Even if your company doesn’t normally drive customers’ cars – for example if you run a mobile tyre-replacement service – you may need some form of trade cover.

Who needs motor trade insurance?

As well as the business types mentioned above, you’re likely to need motor trade insurance if you operate a scrap yard, a car-valeting company, a vehicle-restoring business or a repossession company. In general, if your or your customers’ vehicles come under the ‘care, custody and control’ of your staff, you’ll need this type of cover in some form.

Bear in mind also that the requirement to have motor trade insurance doesn’t apply only to limited companies: if you’re self-employed but still have responsibility for other people’s vehicles, it’s vital to have the right policy in place.

In some cases, customers’ own policies may cover other drivers, albeit on a third-party rather than comprehensive basis. But while this has been a common feature of motor insurance in the past, it’s now much less likely to be the case. As such, it’s crucial that businesses in the motor trade organise their own form of cover.

What does motor trade insurance cover?

Motor trade policies are typically tailored to a business’s specific requirements, so it’s worth thinking about what kind of risks and activities you actually want to be insured: this means that you won’t get a shock when a claim is rejected as uninsured, and also that you’re not paying for cover you don’t actually need.

The following are some of the most common aspects that can be covered by motor trade policies:

Road risk: If you take vehicles onto the public highway then you need road risk cover. This could be the case if your staff are delivering cars to buyers, or if you run a mechanics business and you need to take cars out to check faults. If your business doesn’t require vehicles to be driven on public roads, you could consider parts-only cover, which is much more basic.
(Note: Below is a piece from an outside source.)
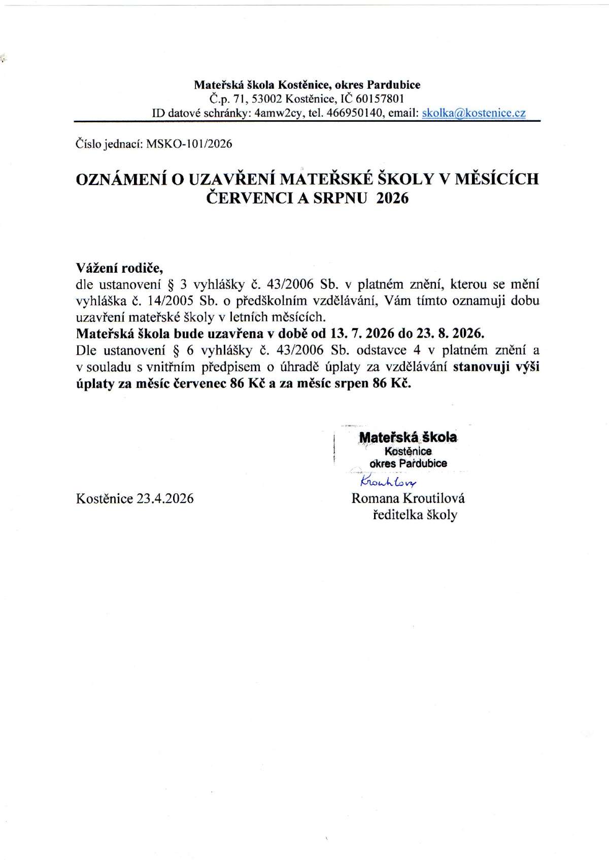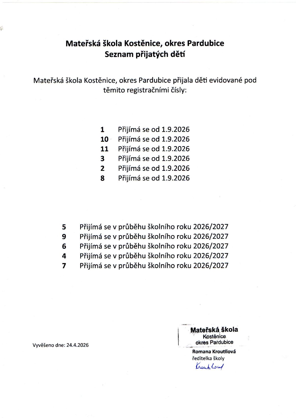 26.03.2026Vyhlašujeme termín zápisu do Mateřské školy na dny 9.4. 2026 a 10.4.2026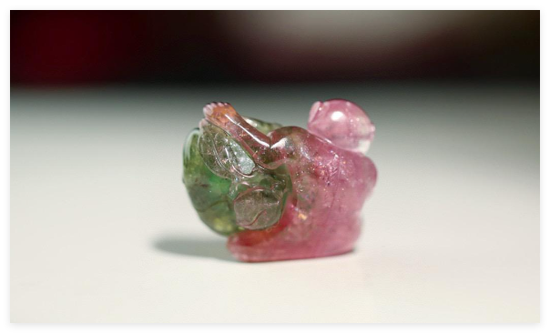 碧玺随着晶体的生长,它会选择适合晶格的元素。当溶液中的元素消失,其他元素被取代,晶体的颜色也会随之发生变化,同一个碧玺矿内能够产生不同颜色的碧玺。富含铁的碧玺是深蓝色或黑色,而高浓度的锰则让碧玺晶体呈现红色、粉红色、棕色或黄色,祖母绿般的绿色碧玺是由铬引起的,而锂能够产生彩虹色。西瓜碧玺是碧玺的一种,西瓜碧玺以红色和绿色为主,很像是我们吃的水果西瓜而得名,但是西瓜碧玺颜色的分布和深浅则取决于其生长环境的化学成分和结晶,由于含的金属元素不同,不光是粉红色和绿色,还可能呈现粉色、黄色、紫色等多种色彩,那么西瓜碧玺的颜色是怎么形成的呢?

As with normal motor insurance, you can opt for road risk cover which is comprehensive, third-party, or third-party, fire and theft.
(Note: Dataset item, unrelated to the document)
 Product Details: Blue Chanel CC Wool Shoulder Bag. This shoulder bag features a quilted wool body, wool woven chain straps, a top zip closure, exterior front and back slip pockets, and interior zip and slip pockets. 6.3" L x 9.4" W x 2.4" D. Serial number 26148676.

Employers’ liability insurance: This protects your business against claims from your staff – you should have this if you have employees regardless whether they’re driving vehicles or not.

Public liability insurance: This covers you and your workers against claims made by customers or members of the public.

Product liability insurance: This offers your business protection if you fit a new part to a customer’s vehicle, but the part then turns out to be defective.

Material damage cover: This covers any vehicles or equipment you own, for example if you run a motor dealership it means your unsold vehicles are insured. Such insurance may automatically increase in value during peak registration periods in March and September.

Combined motor trade insurance: This would cover your business for the likes of road risk as well as equipment and even your premises. It may be cheaper to take out this sort of cover rather than several separate policies, but be sure to check it insures all the relevant parts of your business to a sufficient extent.

Extra drivers: For many businesses, it’s important that their trade policy covers all their staff. But opting for an “any driver” policy is likely to be more expensive than either naming any insured drivers on the policy, or limiting cover to just a handful of employees.

Vehicle types: If you need your insurance to cover your staff to drive vehicles from cars to vans and even HGVs, it’s likely to be much more expensive. Make sure your policy covers you only for the vehicles you need to drive.

We don' currently compare motor trade insurance.